NDPC Launches Probe Into 1,369 Organisations Over Data Protection Breaches

LAGOS – The Nigeria Data Protection Commission (NDPC) has opened investigations into 1,369 organ­isations accused of breaching the Nigeria Data Protection Act (NDPA) 2023, in what is now the largest enforcement drive since the law came into effect.

The companies under investi­gation cut across some of Nige­ria’s most sensitive industries. They include 795 financial insti­tutions, 392 insurance brokers, 35 insurance companies, 10 pension firms, and 136 gaming operators. Each has been given 21 days to prove compliance or risk sanc­tions.

According to a statement signed by Babatunde Bamigboye, head of Legal, Enforcement and Regulations at the NDPC, the affected organisations must present evidence of their 2024 compliance audit returns, the appointment of a Data Protection Officer with full contact details, as well as technical and organisa­tional safeguards they have put in place.

They are also expected to confirm registration as a “data controller or processor of major importance.”

“These organisations are re­quired to within 21 days of issu­ance provide evidence of filing NDP Act Compliance Audit Re­turns for 2024, evidence of desig­nation or appointment of a Data Protection Officer, including name and contact details.

“They are also to provide a summary of technical and or­ganisational measures for data protection within the organisa­tion and evidence of registration as a data controller or processor of major importance,” the Com­mission stated.

The Commission argues that such enforcement is necessary to secure citizens’ rights under the 1999 Constitution and to strength­en trust in Nigeria’s digital econ­omy. The NDPC says that failure to comply could trigger fines, en­forcement orders, or even crim­inal prosecution as stipulated under the NDPA.

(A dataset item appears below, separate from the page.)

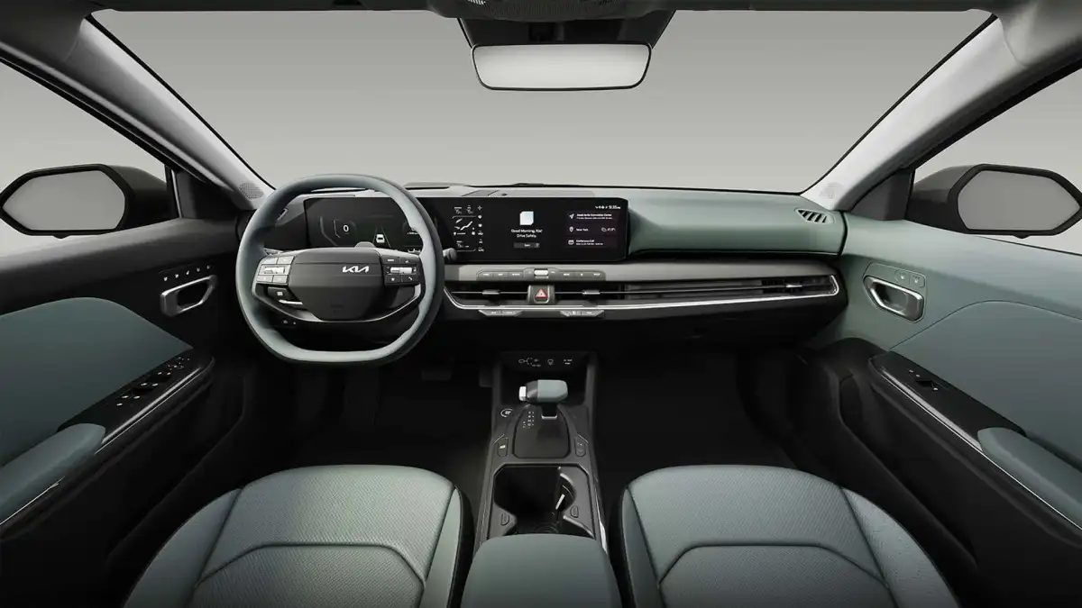 The interior features a square steering wheel and a wide infotainment screen, with design elements influenced by the EV6, EV9, and the refreshed Sorento. Unlike these models that utilize a rotary gear shifter, the K4 opts for a traditional gear lever positioned on the center console.

This latest development comes weeks after Multichoice Nigeria was fined N766.2 million for data protection violations, the biggest penalty imposed so far.

The pay-TV operator was found guilty of intrusive data practices, unauthorised cross-border trans­fers, and processing subscriber and non-subscriber data without proper consent.

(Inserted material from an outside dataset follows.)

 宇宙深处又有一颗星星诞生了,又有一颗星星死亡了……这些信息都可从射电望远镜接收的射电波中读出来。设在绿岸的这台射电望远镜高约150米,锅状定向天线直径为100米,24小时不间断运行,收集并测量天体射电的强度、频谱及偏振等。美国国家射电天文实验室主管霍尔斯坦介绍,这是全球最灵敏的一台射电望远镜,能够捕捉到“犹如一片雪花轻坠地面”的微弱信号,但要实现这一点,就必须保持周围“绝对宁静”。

National Commissioner, Dr Vincent Olatunji, explained that the Commission operates a reme­diation-first approach to enforce­ment. He noted that businesses willing to correct violations are given an opportunity to do so be­fore penalties are applied.

“Usually, when we investi­gate and find a breach, if they are ready to comply with the law, what is the point of making noise? It’s only when an organisa­tion is unwilling to comply with the law that we are forced to im­pose sanctions,” he said.

Experts believe the Commis­sion’s growing assertiveness shows a turning point. For years, compliance was largely volun­tary, but this change shows that regulators are no longer content with awareness campaigns.

The NDPA, modelled after global standards such as the GDPR, is designed both to protect Nigerians’ personal data and also to give local firms credibility in regional and international mar­kets.